Tullamore Distillery
- Location: Tullamore
- Coordinates: 53°16′39.8″N 7°29′35.7″W﻿ / ﻿53.277722°N 7.493250°W
- Founded: 1829
- Founder: Michael Molloy
- Status: Defunct / Museum since 2012
- No. of stills: 4 pot stills: 2 x 16,000 gallons, 1 x 10,500 gallons, 1 x 5,500 gallons; a Coffey still was added in 1948
- Capacity: 500,000 gallons per annum
- Mothballed: 1954
- Website: https://www.tullamoredew.com/en-gb/visit-us/

Tullamore Dew

Irish Mist

= Old Tullamore Distillery =

The Old Tullamore Distillery was an Irish whiskey distillery which was established in Tullamore, County Offaly, Ireland, in 1829. The original home of Tullamore Dew Irish whiskey, the distillery closed in 1954, having endured financial difficulties for many years, like many Irish whiskey distilleries of the early 20th century.

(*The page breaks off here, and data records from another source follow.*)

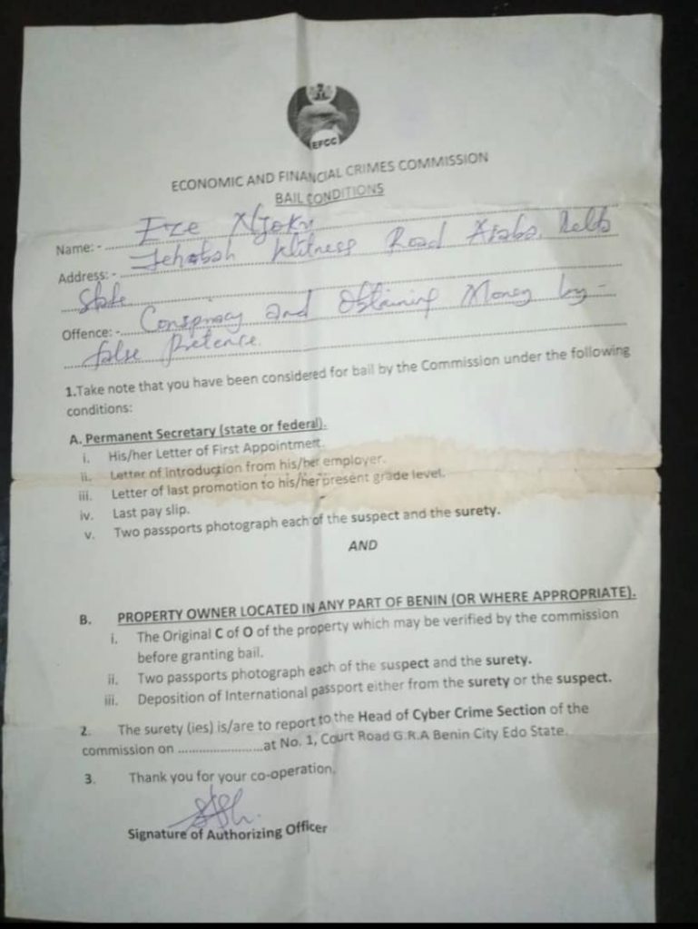 23.That the Condition for Bail given by the EFCC Benin Zonal Office is that Eze Njoku should bring a Federal or State Civil Servant that is a Permanent Secretary and a House Owner that has a Certificate of Occupancy.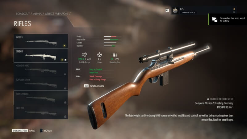 Sniper Elite 5의 모든 저격 소총 목록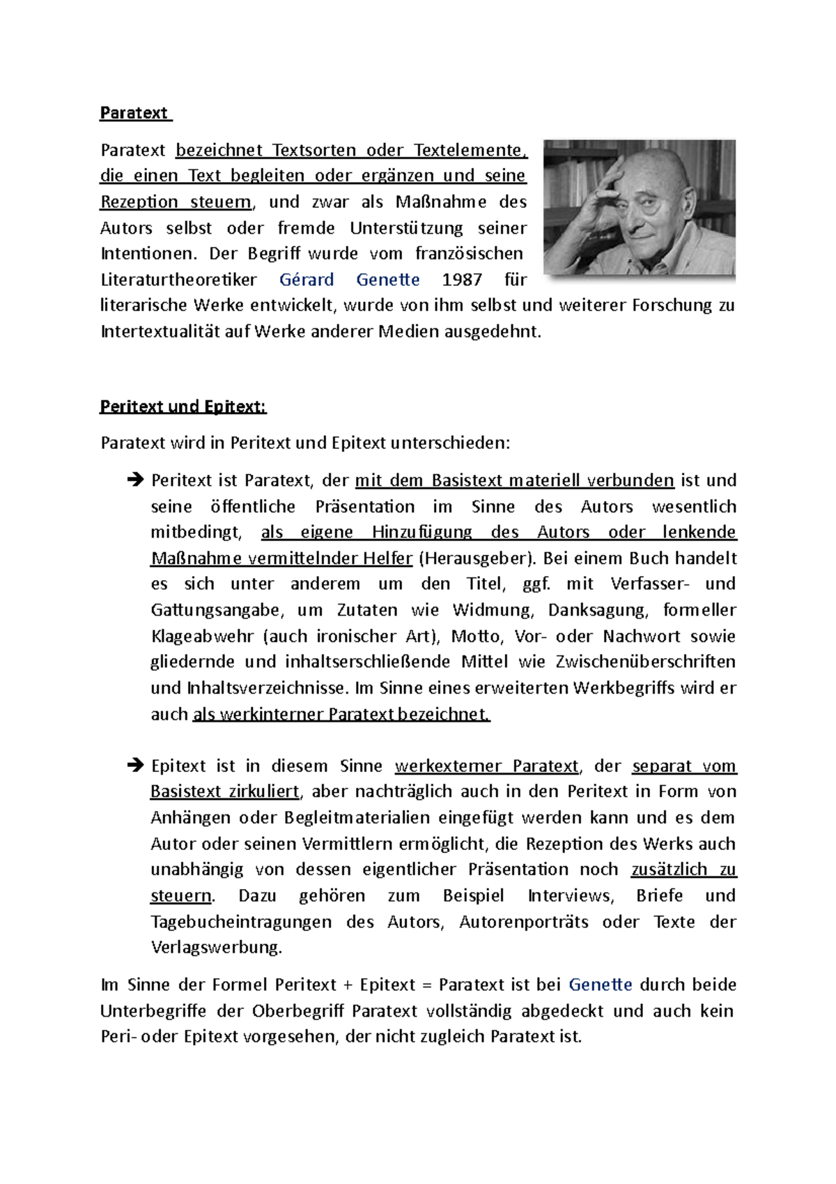 Paratext: Grundlagen und Unterscheidung von Peritext und Epitext - Studocu

The Tullamore Dew brand was later sold to John Powers & Co., now part of Irish Distillers, with production transferred to the Midleton Distillery. In 2010, the brand was purchased by William Grant & Sons, who invested €35 million in the construction of a new distillery in Tullamore. The new Tullamore Distillery opened in 2014, bringing production of the whiskey back to Tullamore following a break of sixty years.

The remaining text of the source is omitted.